UN JOUR, UN PARCOURS – Alfred ABRAHAM de Rue

Victimes de la Première Guerre mondiale – une Somme de vies brisées par 14 18.

Né le 5 novembre 1892, Alfred ABRAHAM est un enfant de Lannoy.

Située au cœur du territoire du Marquenterre, la commune de Rue compte plusieurs hameaux. A la fin du XIXe siècle, quand naît Alfred, ces hameaux étant assez éloignés du chef-lieu de la commune, les habitants revendiquent leur appartenance plutôt à la section qu’au chef-lieu. Ainsi les ABRAHAM, les CAILLE, les MOUILLON, les FLOUREST, les MOLIN, les BACQUET, les GRAVELINE et les CAZIER se considèrent comme des habitants de Lannoy, plutôt que comme des Ruens. C’est au sein de ces familles bien implantées dans le hameau du Sud de la commune de Rue qu’Alfred ABRAHAM compte ses meilleurs copains. Lannoy compte environ 300 habitants au début du XXe siècle.

Alfred ABRAHAM est le fils de Charles et de Clémence. Les grands-parents paternels, comme les grands-parents maternels sont originaires de Lannoy. Les familles sont modestes et la vie n’est pas toujours facile, mais heureusement, à la campagne, la solidarité permet toujours de survivre.

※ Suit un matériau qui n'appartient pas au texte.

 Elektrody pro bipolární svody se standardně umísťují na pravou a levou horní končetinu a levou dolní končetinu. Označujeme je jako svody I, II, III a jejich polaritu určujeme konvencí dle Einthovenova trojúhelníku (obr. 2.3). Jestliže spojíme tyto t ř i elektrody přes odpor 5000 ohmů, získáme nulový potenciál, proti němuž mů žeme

Les pères des copains d’Alfred sont majoritairement des journaliers agricoles qui travaillent dans les fermes de la commune, à l’exception du père d’Alfred MOLIN qui a sa propre ferme, tout comme celui d’Albert CAZIER fermier au lieu-dit Le Canal à Lannoy. Le père des frères CAILLE est serrurier chez Stremler et Loiseau dans le village voisin de Sailly-Flibeaucourt, et celui d’Achille DOVERGNE, son voisin, est maçon.

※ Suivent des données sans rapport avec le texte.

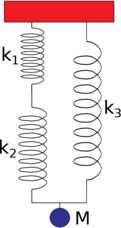 [**] La raideur équivalente du système de ressorts montré dans la figure dessous s’écrit :

Mais les pères meurent jeunes aussi. Alfred a un peu plus de 10 ans quand il perd son père. Il est loin d’être le seul orphelin à Lannoy. Les veuves doivent souvent se débrouiller seules pour nourrir leur famille comme c’est le cas des mères d’André FLOUREST et d’Alfred MOLIN. Léon BACQUET, orphelin lui aussi, vit chez son beau-père. Quant à Alfred ABRAHAM, la solidarité familiale a joué son rôle. Les parents de Clémence ont hébergé leur fille avec ses deux fils, Alfred et Arthur. Le grand-père Jean-Baptiste est cantonnier et la grand-mère est ménagère.

Les oncles et cousins d’Alfred sont scieurs de long ou charpentiers. C’est vers ces métiers qu’il oriente sa vie professionnelle dès que l’école n’est plus obligatoire. Alfred ABRAHAM devient menuisier-charpentier.

A 20 ans, Alfred ABRAHAM reçoit sa convocation pour le Conseil de Révision à l’Hôtel de ville. Sont convoqués également Achille DOVERGNE, le voisin d’Alfred, ainsi qu’Albert CAZIER et Lucien CAILLE, l’aîné des deux frères.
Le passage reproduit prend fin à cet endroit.